On Sun, Jun 25, 2006 at 02:49:56PM -0400, Jay R. Ashworth wrote:
On Sun, Jun 25, 2006 at 12:14:06PM -0600, Chad Perrin
wrote:
The
distinction I'm accustomed to seeing made is between "semantics",
the meaning of things, and "presentation", the way that meaning is
wrapped in a look, to convey it to the user.
Yes, and there's a difference between basing presentation on semantics
and creating a semantic class of presentation. In one case, you have
presentation classes based on their presentational characteristics, and
associate your semantic classes of content with those classes of
presentation, and change the associations when you want to modify how a
semantic class of content is presented. In the other, you define a
semantic class of content as having specific presentational
characteristics, which lends itself to the likelihood that you will end
up defining three or four semantically-identified classes of
presentation that all have roughly the same presentational
characteristics, providing greater probability of violation of the DRY
principle of design -- which can get messy rather quickly.

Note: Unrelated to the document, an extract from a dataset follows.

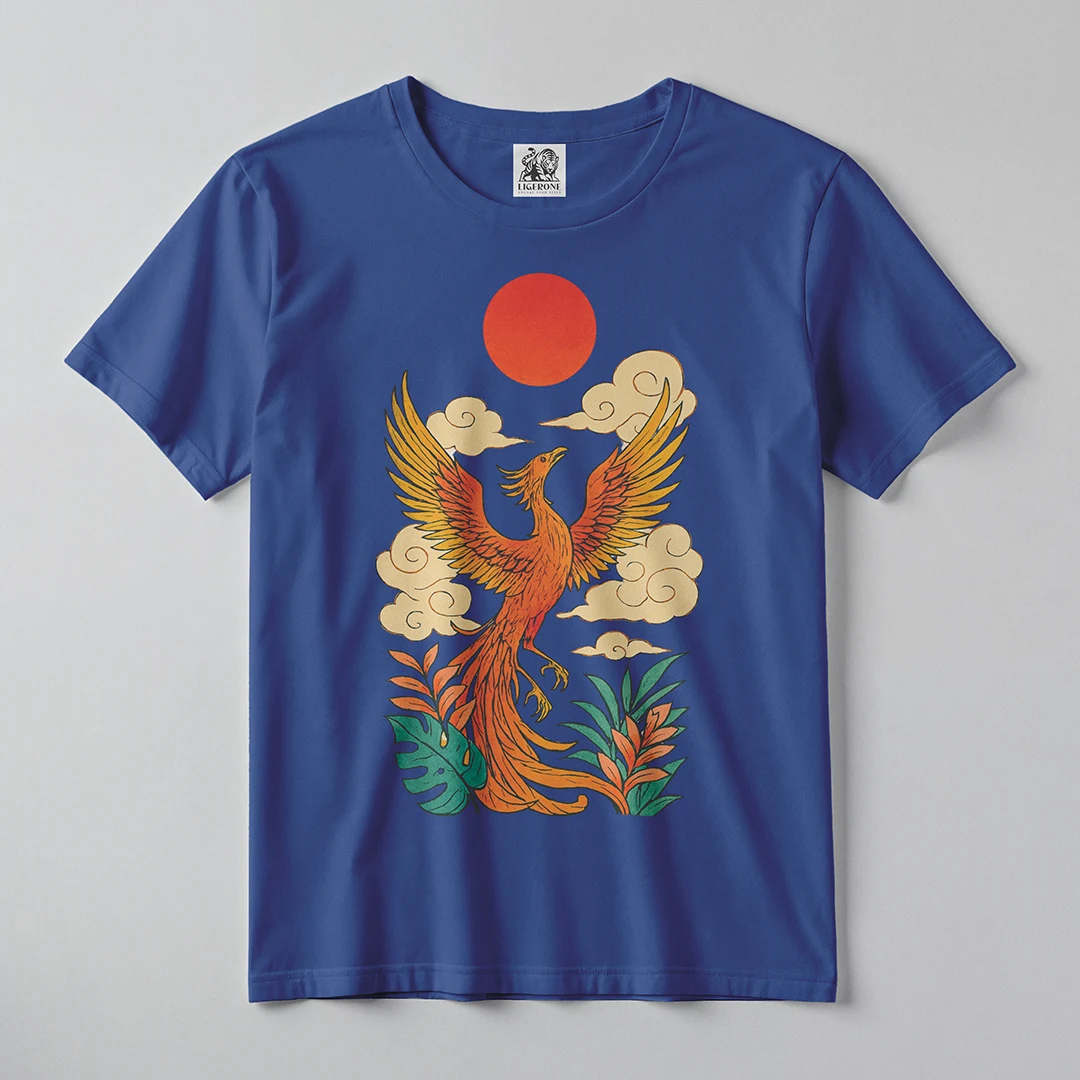 The LIGERONE Phoenix Rising Graphic T-Shirt symbolizes rebirth, strength, and unstoppable spirit. The detailed phoenix artwork spreads its fiery wings across a dramatic sky filled with clouds and warm sunset tones.

Unless I'm misunderstanding you, you're suggesting that the concept
that there might be many different tags, for different categories of
source material, but which we want all to render in the same fashion,
is *bad*.
Well . . . yeah, kinda. At least, I don't see a reason that it would be
good, and plenty of opportunity for it to be bad.
I might have accidentally assumed familiarity with a concept that may
not be familiar to you: mea culpa. I'll try to fix that now.
DRY = Don't Repeat Yourself
Unnecessary repetition leads to unmaintainability, because when you need
to change one thing you often end up having to run around changing it in
numerous places, and sometimes people miss things.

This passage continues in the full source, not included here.